POS SUFFIX FEATURES FOR THE WORD "TEST"
endswith(e): False
endswith(t): True


Now that we’ve defined our feature extractor, we can use it to train a decision tree classifier.

First, we use the `tagged_words()` method to read the `brown` corpus as a list of tagged tokens.

In [4]:
tagged_words = brown.tagged_words(categories='news')
tagged_words[:10]

[('The', 'AT'),
 ('Fulton', 'NP-TL'),
 ('County', 'NN-TL'),
 ('Grand', 'JJ-TL'),
 ('Jury', 'NN-TL'),
 ('said', 'VBD'),
 ('Friday', 'NR'),
 ('an', 'AT'),
 ('investigation', 'NN'),
 ('of', 'IN')]

We then extract all suffix features for each word in the list of tagged tokens.

In [5]:
feature_sets = [(pos_suffix_features(n), g) for (n, g) in tagged_words]

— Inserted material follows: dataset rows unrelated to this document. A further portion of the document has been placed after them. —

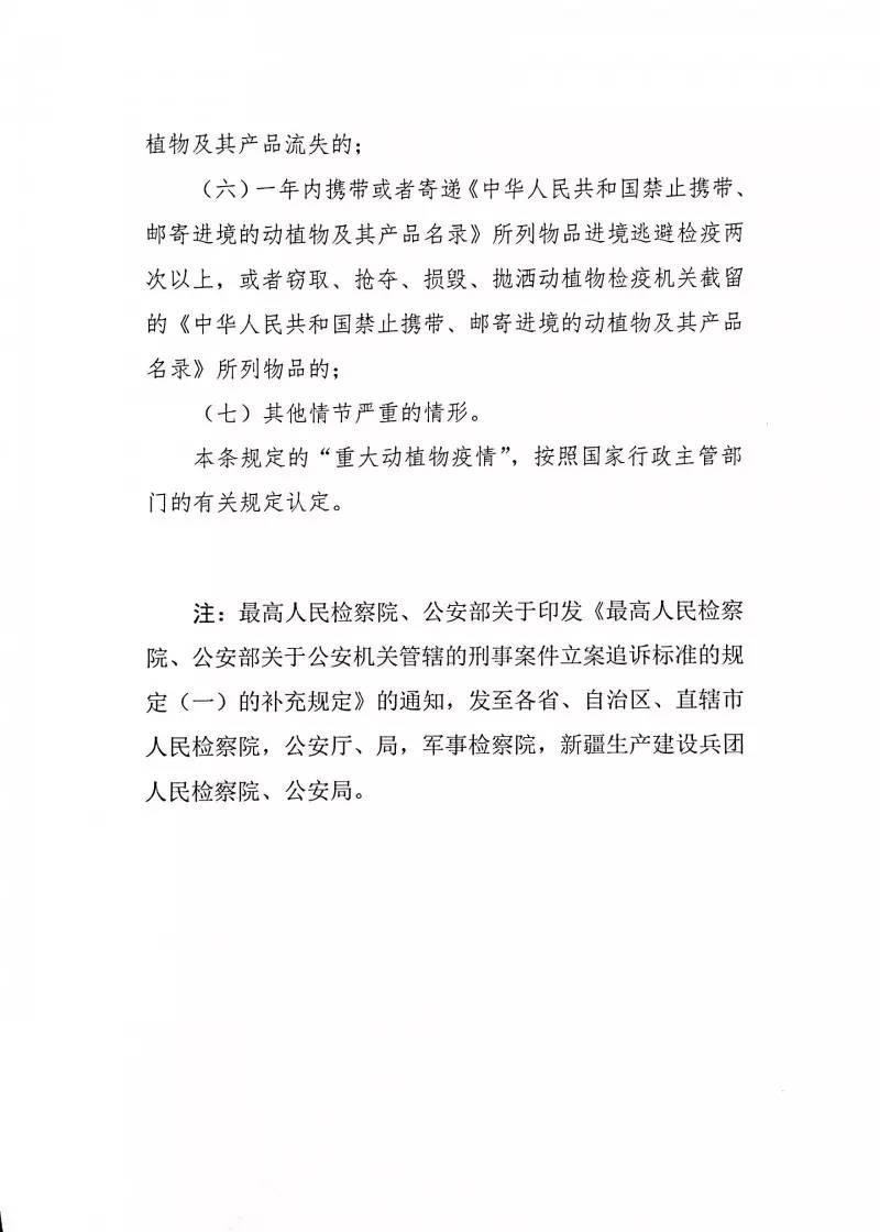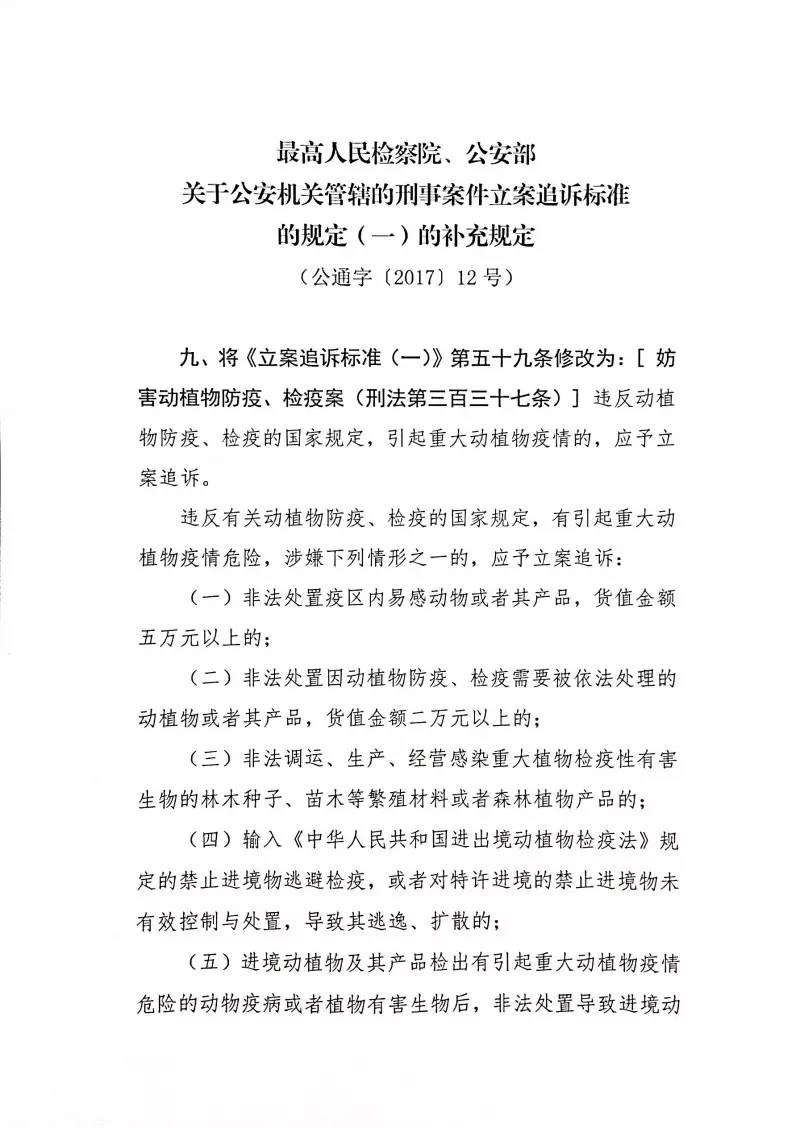 不久前,最高人民检察院、公安部联合发布了《关于公安机关管辖的刑事案件立案追诉标准的规定(一)的补充规定》(公通字〔2017〕12号),其中第九条对【妨害动植物防疫、检疫罪】立案追诉标准作出重大修改,明确规定:
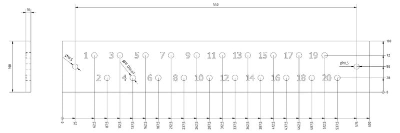 OUNEVA - PE-kisko - 10x100x600, 20/11 tinattu
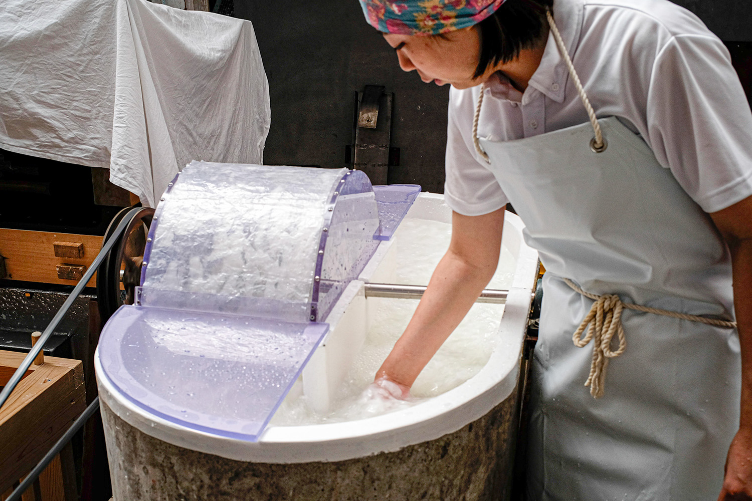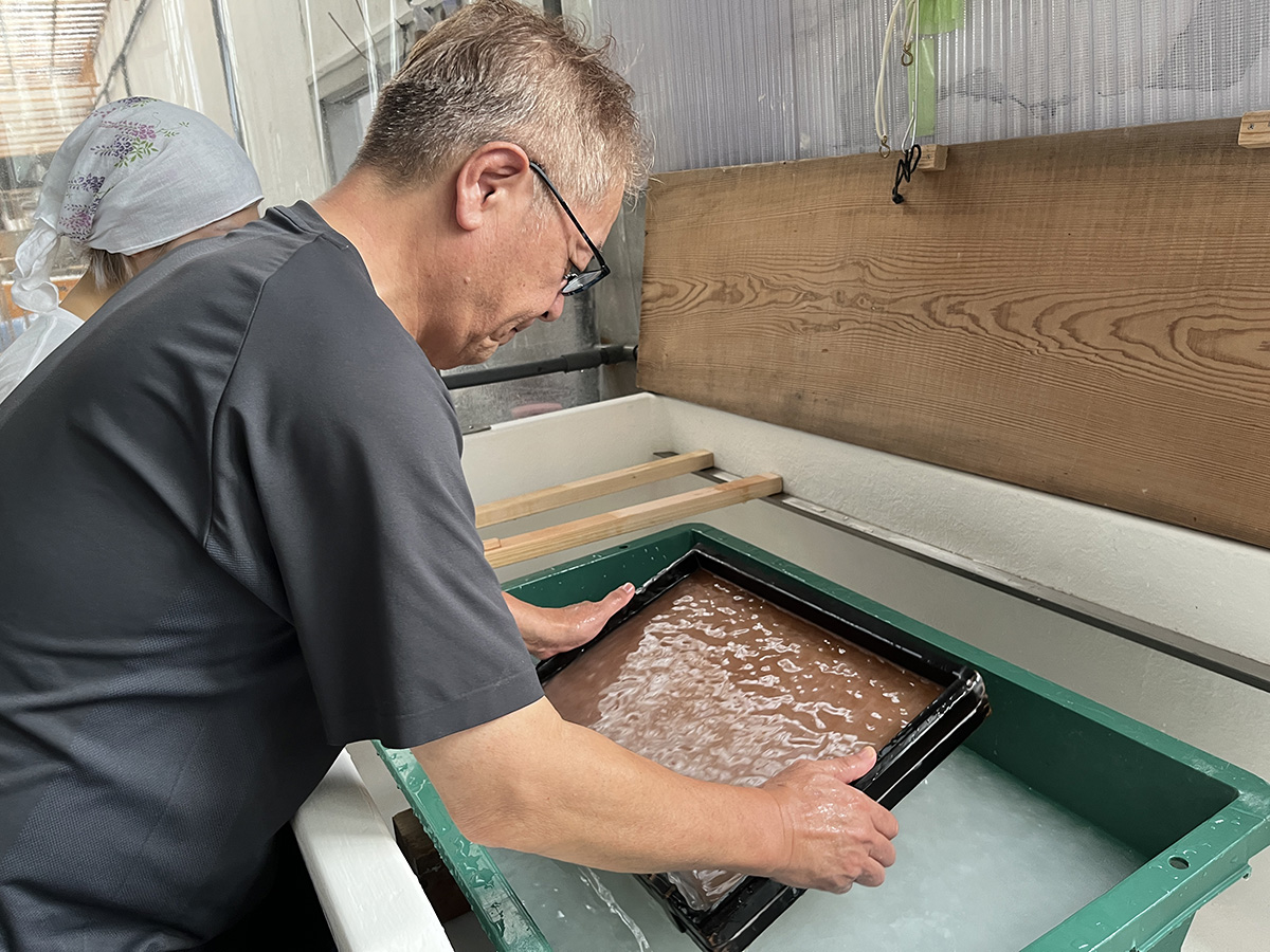 The softened fibers are placed in a machine (beater) and beaten in water to break them down. How well the fibers are treated determines the texture of the finished paper. The fibers are then poured into a vat of water, stirred thoroughly, and mixed with a natural thickening agent (tororo-aoi) to ensure an even dispersion.
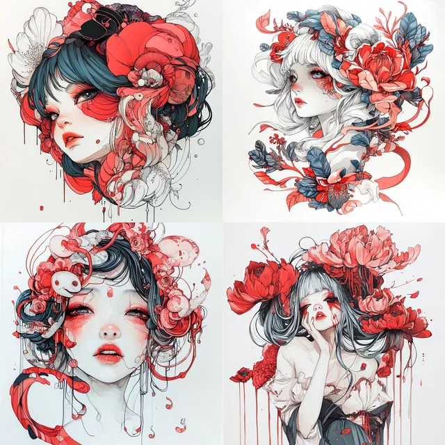 Этот стиль отличается яркой выразительностью и замысловатыми деталями. В нём переплетаются влияние модерна и современная японская эстетика. Преобладает красно-чёрно-белая палитра, которая позволяет создавать динамичные композиции, сочетающие органические формы с чёткими линиями.

print('POS SUFFIX FEATURES FOR THE WORD "THE"')
print('endswith(e):', feature_sets[0][0]['endswith(e)'])
print('endswith(t):', feature_sets[0][0]['endswith(t)'])

POS SUFFIX FEATURES FOR THE WORD "THE"
endswith(e): True
endswith(t): False


In [6]:
from nltk import DecisionTreeClassifier
from nltk.classify import accuracy

cutoff = int(len(feature_sets) * 0.1)
train_set, test_set = feature_sets[cutoff:], feature_sets[:cutoff]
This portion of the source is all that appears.